RECORDS TO PROCESS

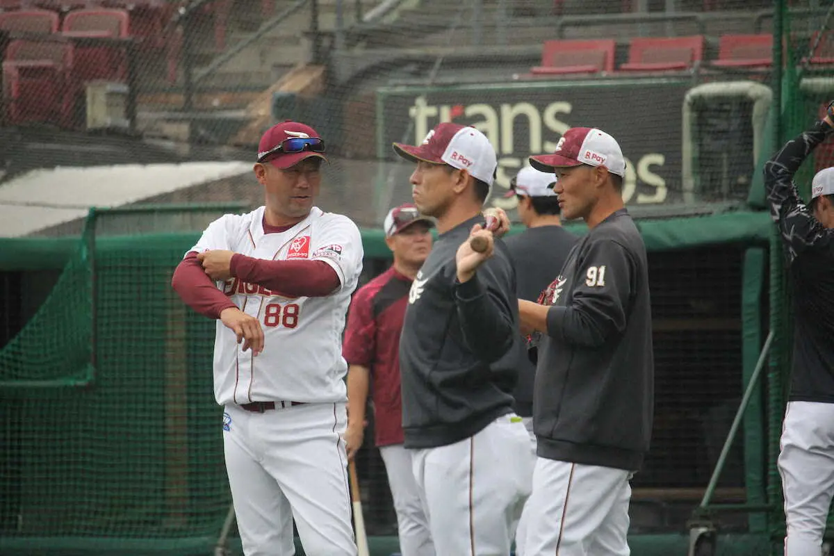 久保投手コーチ(右)らと会話を交わす楽天三木監督(撮影・花里 雄太)
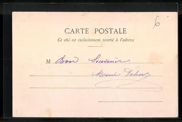 Personenbezogene Daten auf der Rückseite der Karte wurden durch blauen Textmarker unkenntlich gemacht. Die blauen Stellen sind auf die Vorderseite durchgeweicht und wirken sich negativ auf das Postkartenfoto aus
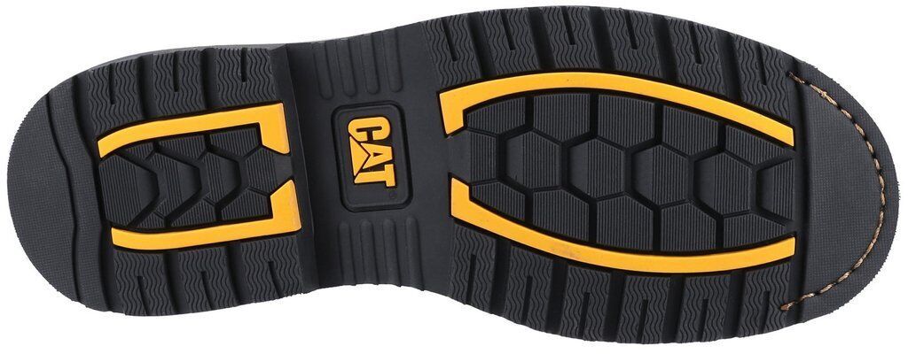 The Powerplant Dealer Safety Boot from Caterpillar features Goodyear Welted Construction and Nitrile Rubber outsole, 200 Joules Steel toe cap, removable PU footbed, padded PU collar, triple-stitched seams, outsole heat resistance to 300°C and an energy absorbent heel.
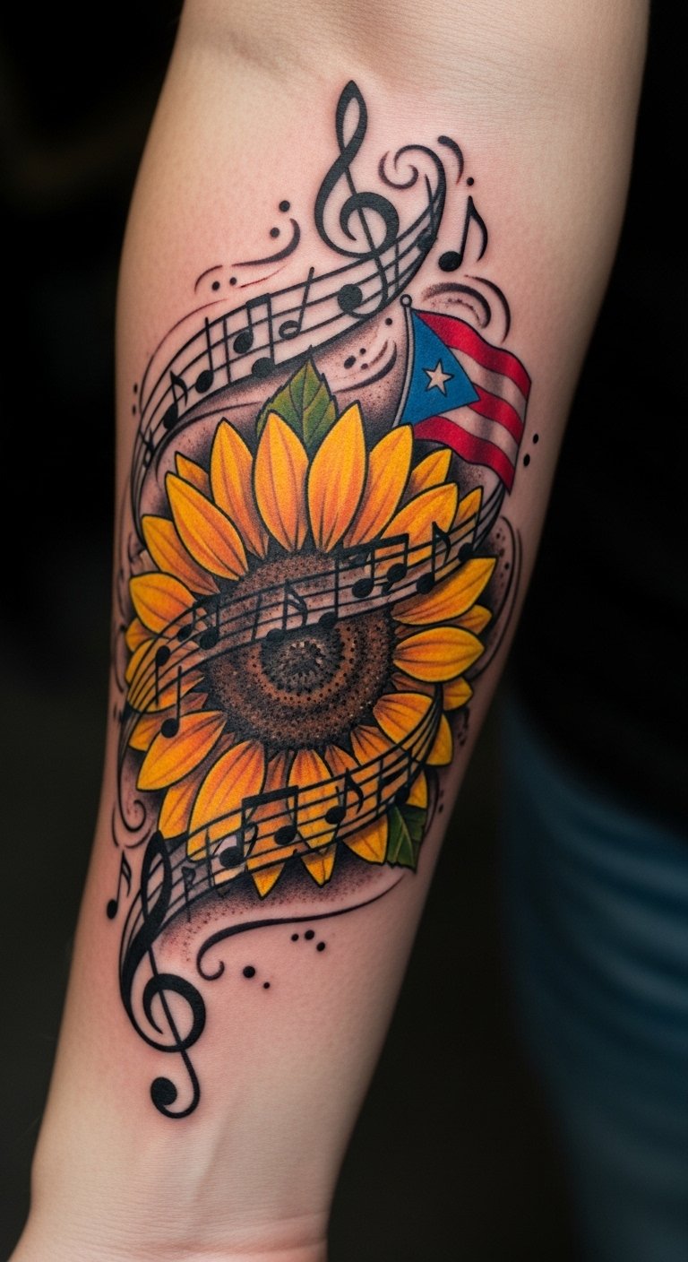 The musical notes represent the deep connection to music as a form of expression and freedom, while the Puerto Rican flag signifies pride in heritage.
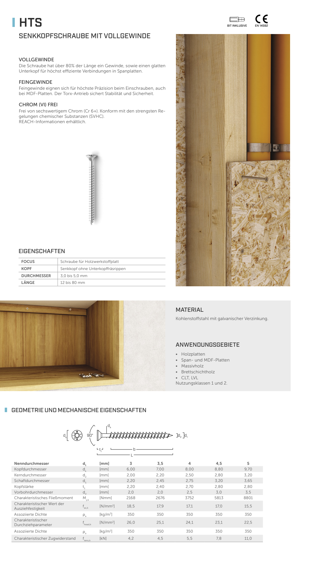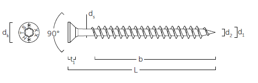 Senk-Holzbauschrauben mit Vollgewinde TX, Typ HTS Stahl verzinkt 3,5x40
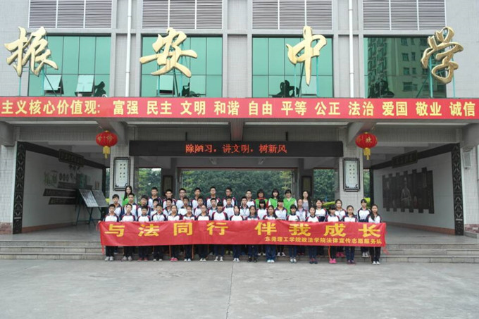 2015年3月26日下午,英国365集团官网政法公司法律宣传志愿服务队进行了3月份第二次的普法活动。队员们满怀热情地来到长安镇振安中学和实验小学开展法制教育课堂。
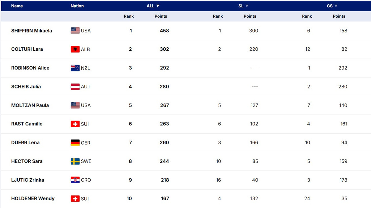 Мікаелі Шиффрін така ж обережна тактика в суботу принесла третій результат у першому раунді. Проте в другому раунді проблема американки з другими спробами в гіганті знову проявилася, і Мікі відступила на 6 позицію. В неділю вона виступила краще, розділивши 4 місце з Каміль Раст. В цілому непоганий вікенд для Шиффрін, чия форма в гіганті викликали багато побоювань, особливо після скромного 14 місця на домашньому етапі в Коппер Маунтін. Проте факт залишається фактом: останній подіум Мікаели в гіганті датований ще січнем 2024 року.

WHAT YOU HAVE TO DO
Transcribe exactly, with no pictures, the lines running from the first line of the material through the line holding "Personenbezogene Daten auf".

SOLUTION
 久保投手コーチ(右)らと会話を交わす楽天三木監督(撮影・花里 雄太)
 Personenbezogene Daten auf der Rückseite der Karte wurden durch blauen Textmarker unkenntlich gemacht. Die blauen Stellen sind auf die Vorderseite durchgeweicht und wirken sich negativ auf das Postkartenfoto aus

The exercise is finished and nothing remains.